WORK ITEM -> Output the entries below word for word, stopping once the line containing "Одноразовые пелёнки LINO" is done, and omit each picture.
------ MATERIAL SUPPLIED
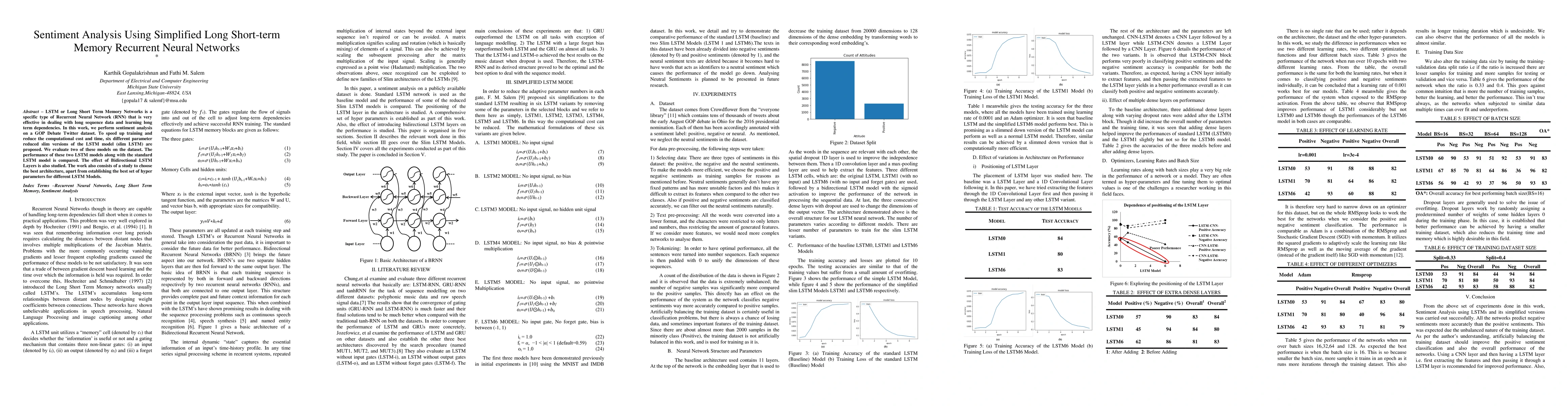 This paper proposes simplified versions of LSTM models to perform sentiment analysis on a GOP Debate Twitter dataset, aiming to reduce training time and computational cost. The study compares the performance of slim LSTM models against the standard LSTM, evaluates bidirectional LSTM layers, and determines the optimal architecture and hyperparameters.
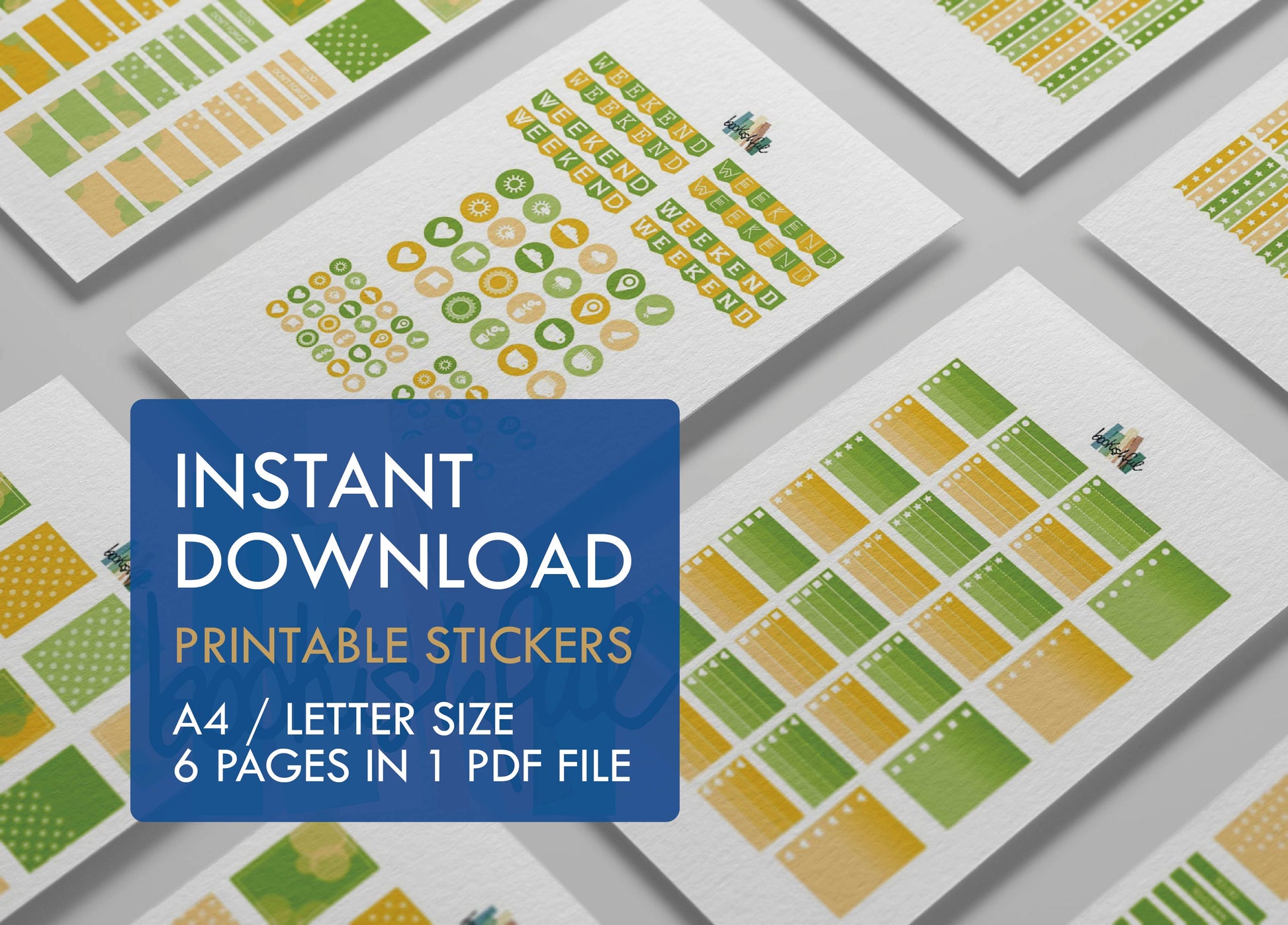 Printable Planner Sticker Kit – 300+ Yellow and Green Stickers for Journaling, Planners & Scrapbooking – 6 Pages PDF Instant Download
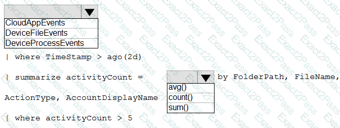 How should you complete the query? To answer, select the appropriate options in the answer area.
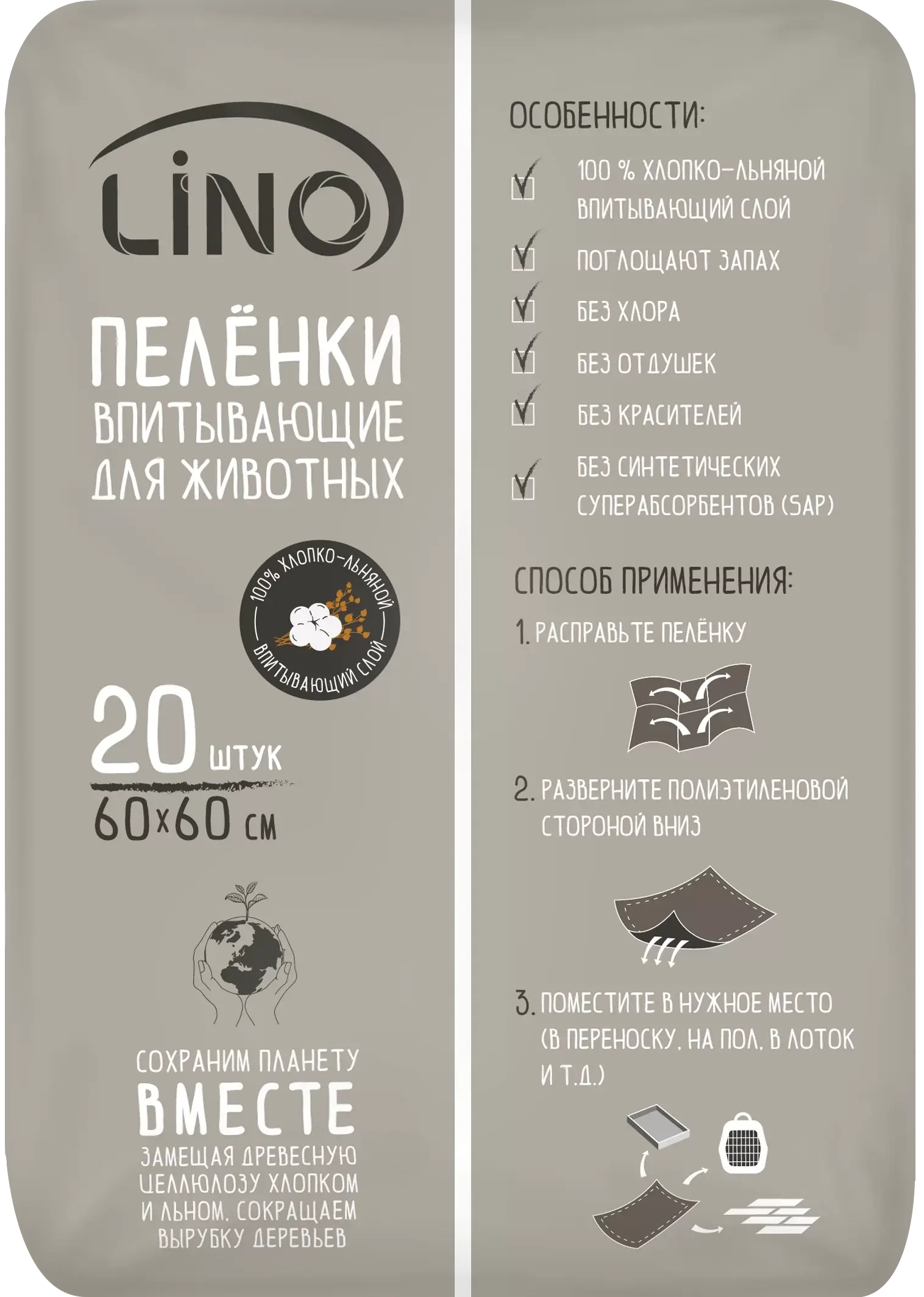 Одноразовые пелёнки LINO для домашних животных изготовлены из натурального хлопко‑льняного материала. Размер каждой пелёнки — 60 × 60 см, в упаковке 20 штук. Предназначены для гигиенического ухода за питомцами: подходят для приучения к лотку, защиты мебели и пола от загрязнений, использования во время путешествий, визитов к ветеринару, а также в период болезни или реабилитации после операций. Конструкция включает три слоя: верхний — воздухопроницаемое нетканое полотно, средний — впитывающий хлопко‑льняной слой, нижний — влагонепроницаемая плёнка, предотвращающая протекание. Пелёнки не содержат хлора, отдушек, красителей и синтетических суперабсорбентов.
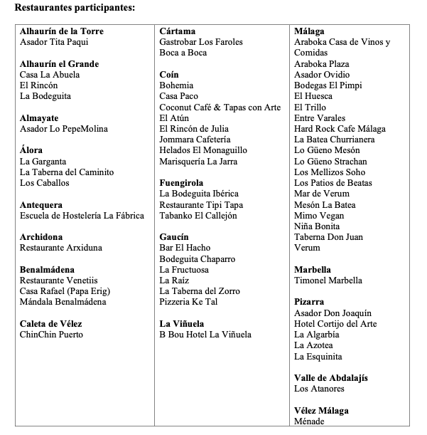 Este año la Ruta Gastronómica Tomate Huevo Toro se celebra en 18 municipios de la provincia: Alhaurín de la Torre, Alhaurín el Grande, Almayate, Álora, Antequera, Archidona, Benalmádena, Caleta de Vélez, Cártama, Coín, Fuengirola, Gaucín, La Viñuela, Málaga, Marbella, Pizarra, Valle de Abdalajís y Vélez Málaga y es una actividad que cuenta con el apoyo de Diputación de Málaga y Junta de Andalucía.
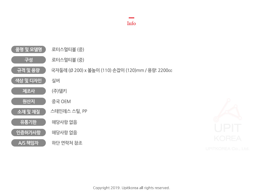 1. 품명 및 모델명 : 상세정보별도표시
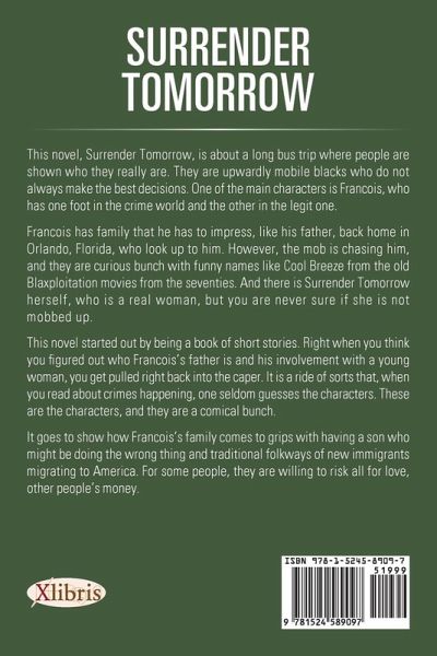This novel, Surrender Tomorrow, is about a long bus trip where people are shown who they really are. They are upwardly mobile blacks who do not always make the best decisions. One of the main characters is Francois, who has one foot in the crime world and the other in the legit one. Francois has family that he has to impress, like his father, back home in Orlando, Florida, who look up to him. However, the mob is chasing him, and they are curious bunch with funny names like Cool Breeze from the old Blaxploitation movies from the seventies. And there is Surrender Tomorrow herself, who is a real woman, but you are never sure if she is not mobbed up. This novel started out by being a book of short stories. Right when you think you figured out who Francois’s father is and his involvement with a young woman, you get pulled right back into the caper. It is a ride of sorts that, when you read about crimes happening, one seldom guesses the characters. These are the characters, and they are a comical bunch. It goes to show how Francois’s family comes to grips with having a son who might be doing the wrong thing and traditional folkways of new immigrants migrating to America. For some people, they are willing to risk all for love, others money.
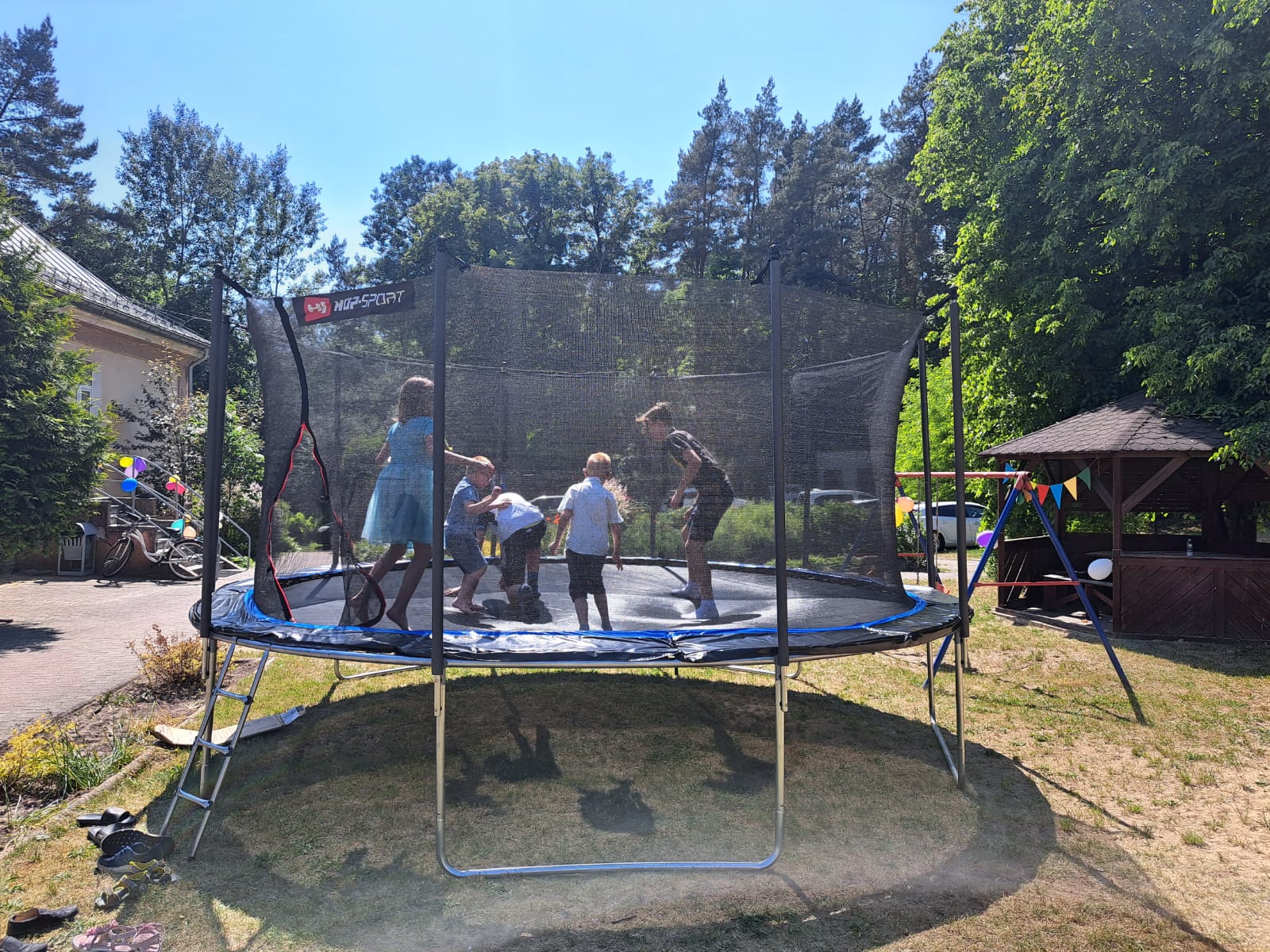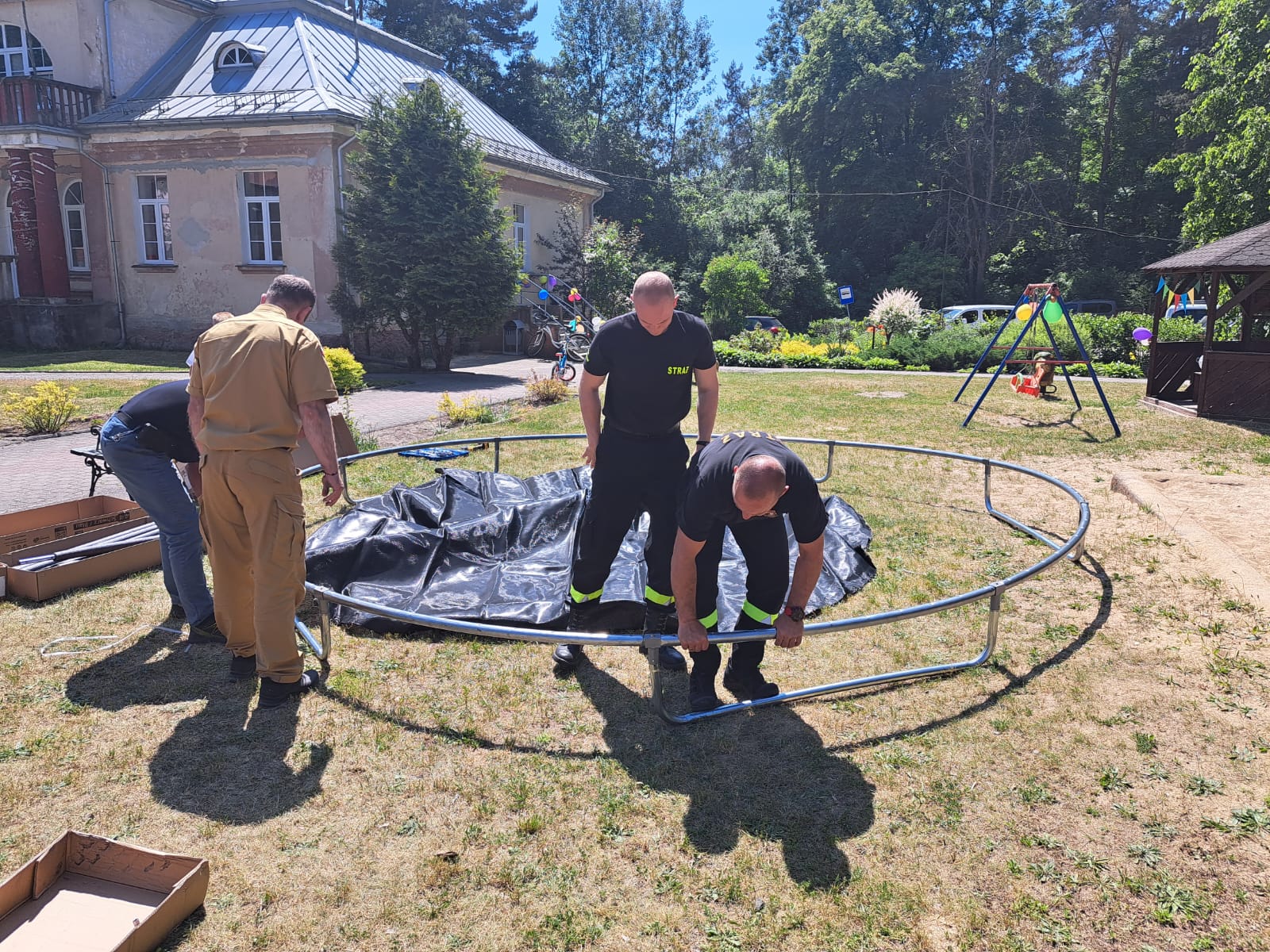 Natomiast po godz. 12:00 Dowództwo Jednostki Ratowniczo-Gaśniczej nr 5 KM PSP w Białymstoku wraz z przedstawicielami Ośrodka Szkolenia KW PSP oraz druhami z OSP Zabłudów odwiedzili dzieci w Domu Dziecka w Krasnem. Podczas tej wizyty została przekazana i złożona trampolina do zabaw, zakupiona na potrzeby przebywających w Domu Dziecka dzieci.
------------
RESPONSE AREA ->
 This paper proposes simplified versions of LSTM models to perform sentiment analysis on a GOP Debate Twitter dataset, aiming to reduce training time and computational cost. The study compares the performance of slim LSTM models against the standard LSTM, evaluates bidirectional LSTM layers, and determines the optimal architecture and hyperparameters.
 Printable Planner Sticker Kit – 300+ Yellow and Green Stickers for Journaling, Planners & Scrapbooking – 6 Pages PDF Instant Download
 How should you complete the query? To answer, select the appropriate options in the answer area.
 Одноразовые пелёнки LINO для домашних животных изготовлены из натурального хлопко‑льняного материала. Размер каждой пелёнки — 60 × 60 см, в упаковке 20 штук. Предназначены для гигиенического ухода за питомцами: подходят для приучения к лотку, защиты мебели и пола от загрязнений, использования во время путешествий, визитов к ветеринару, а также в период болезни или реабилитации после операций. Конструкция включает три слоя: верхний — воздухопроницаемое нетканое полотно, средний — впитывающий хлопко‑льняной слой, нижний — влагонепроницаемая плёнка, предотвращающая протекание. Пелёнки не содержат хлора, отдушек, красителей и синтетических суперабсорбентов.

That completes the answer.